Stiglitz is, of course, absolutely right.

DSGE models are worse than useless — and still, mainstream economists seem to be impressed by the ‘rigour’ brought to macroeconomics by New-Classical-New-Keynesian DSGE models and its rational expectations and microfoundations!

It is difficult to see why.

Take the rational expectations assumption. Rational expectations in the mainstream economists’ world imply that relevant distributions have to be time independent. This amounts to assuming that an economy is like a closed system with known stochastic probability distributions for all different events. In reality, it is straining one’s beliefs to try to represent economies as outcomes of stochastic processes. An existing economy is a single realization tout court, and hardly conceivable as one realization out of an ensemble of economy-worlds since an economy can hardly be conceived as being completely replicated over time. It is — to say the least — very difficult to see any similarity between these modelling assumptions and the expectations of real persons. In the world of the rational expectations hypothesis, we are never disappointed in any other way than as when we lose at the roulette wheels. But real life is not an urn or a roulette wheel. And that’s also the reason why allowing for cases where agents make ‘predictable errors’ in DSGE models doesn’t take us any closer to a relevant and realist depiction of actual economic decisions and behaviours. If we really want to have anything of interest to say on real economies, financial crisis and the decisions and choices real people make we have to replace the rational expectations hypothesis with more relevant and realistic assumptions concerning economic agents and their expectations than childish roulette and urn analogies.

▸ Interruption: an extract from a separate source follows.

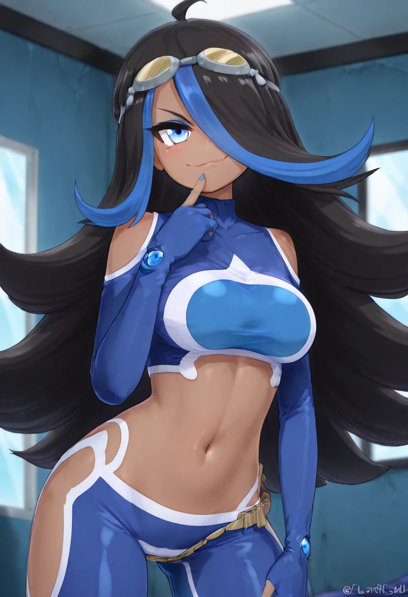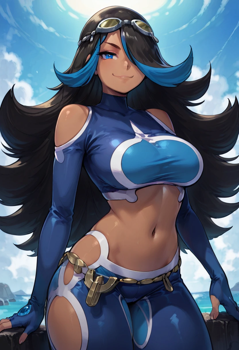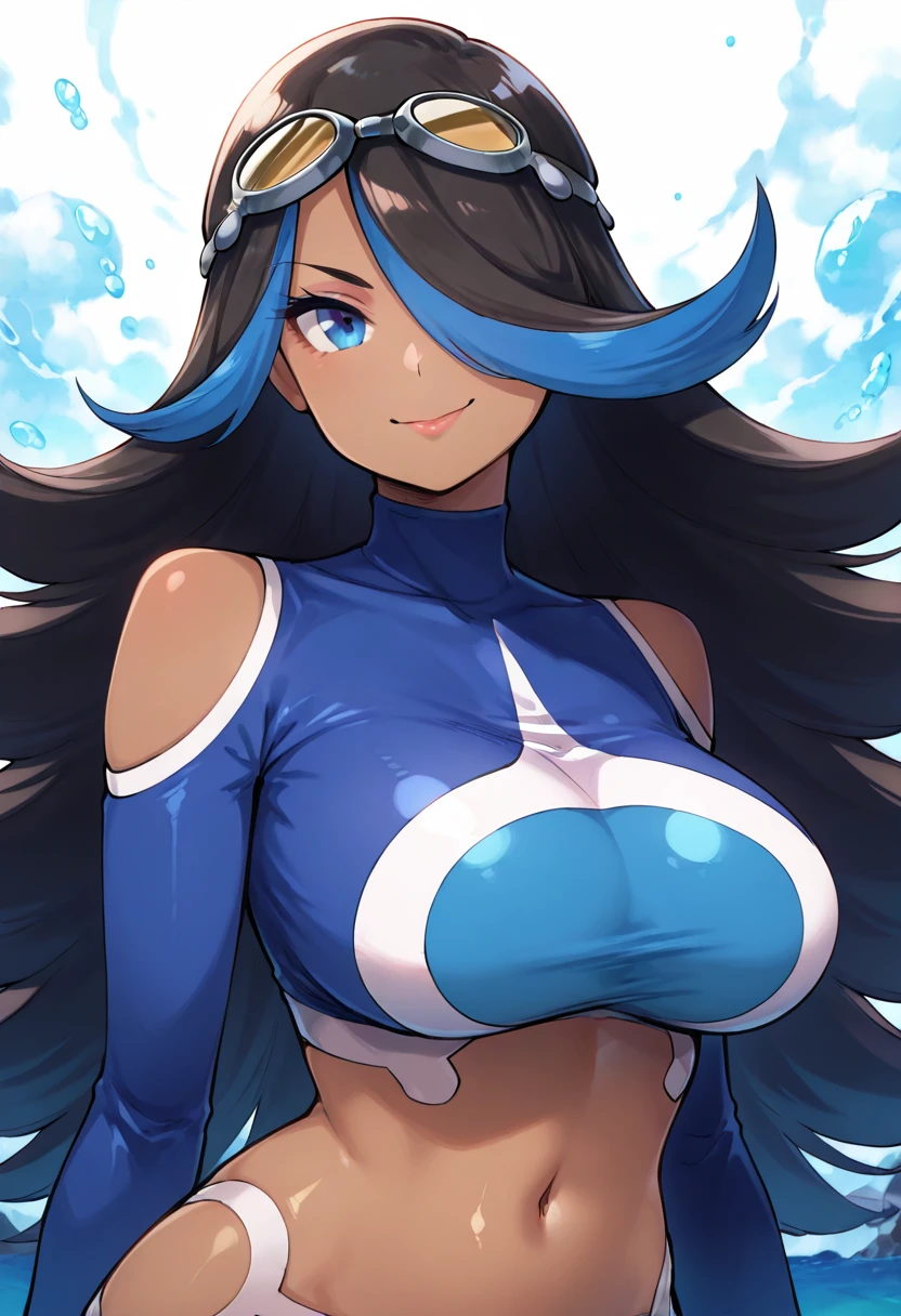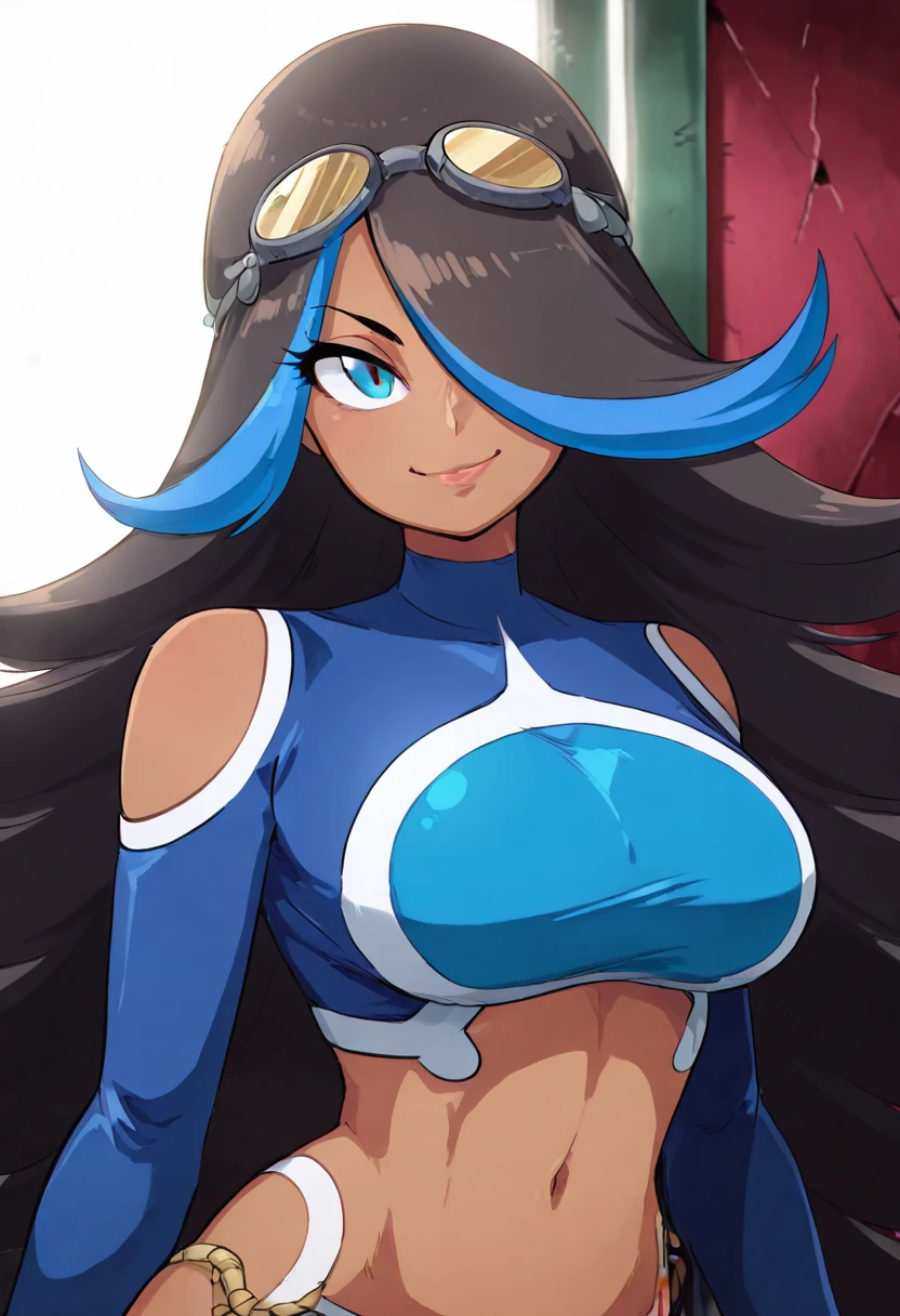 zzShelly, blue eyes, long hair, blue hair, multicolored hair, dark skin, black hair, two-tone hair, hair over one eye, goggles on head, crop top, midriff, streaked hair, shoulder cutout, navel,

Or take the consumption model built into the DSGE models that Stiglitz criticises. There, people are basically portrayed as treating time as a dichotomous phenomenon – today and the future — when contemplating making decisions and acting. How much should one consume today and how much in the future? Facing an intertemporal budget constraint of the form

ct + cf/(1+r) = ft + yt + yf/(1+r),

where ct is consumption today, cf is consumption in the future, ft is holdings of financial assets today, yt is labour incomes today, yf is labour incomes in the future, and r is the real interest rate, and having a lifetime utility function of the form

U = u(ct) + au(cf),

where a is the time discounting parameter, the representative agent (consumer) maximizes his utility when

u´(ct) = a(1+r)u´(cf).

This expression – the Euler equation – implies that the representative agent (consumer) is indifferent between consuming one more unit today or instead consuming it tomorrow. Typically using a logarithmic function form – u(c) = log c – which gives u´(c) = 1/c, the Euler equation can be rewritten as

1/ct = a(1+r)(1/cf),

or

cf/ct = a(1+r).

This importantly implies that according to the neoclassical consumption model that changes in the (real) interest rate and the ratio between future and present consumption move in the same direction.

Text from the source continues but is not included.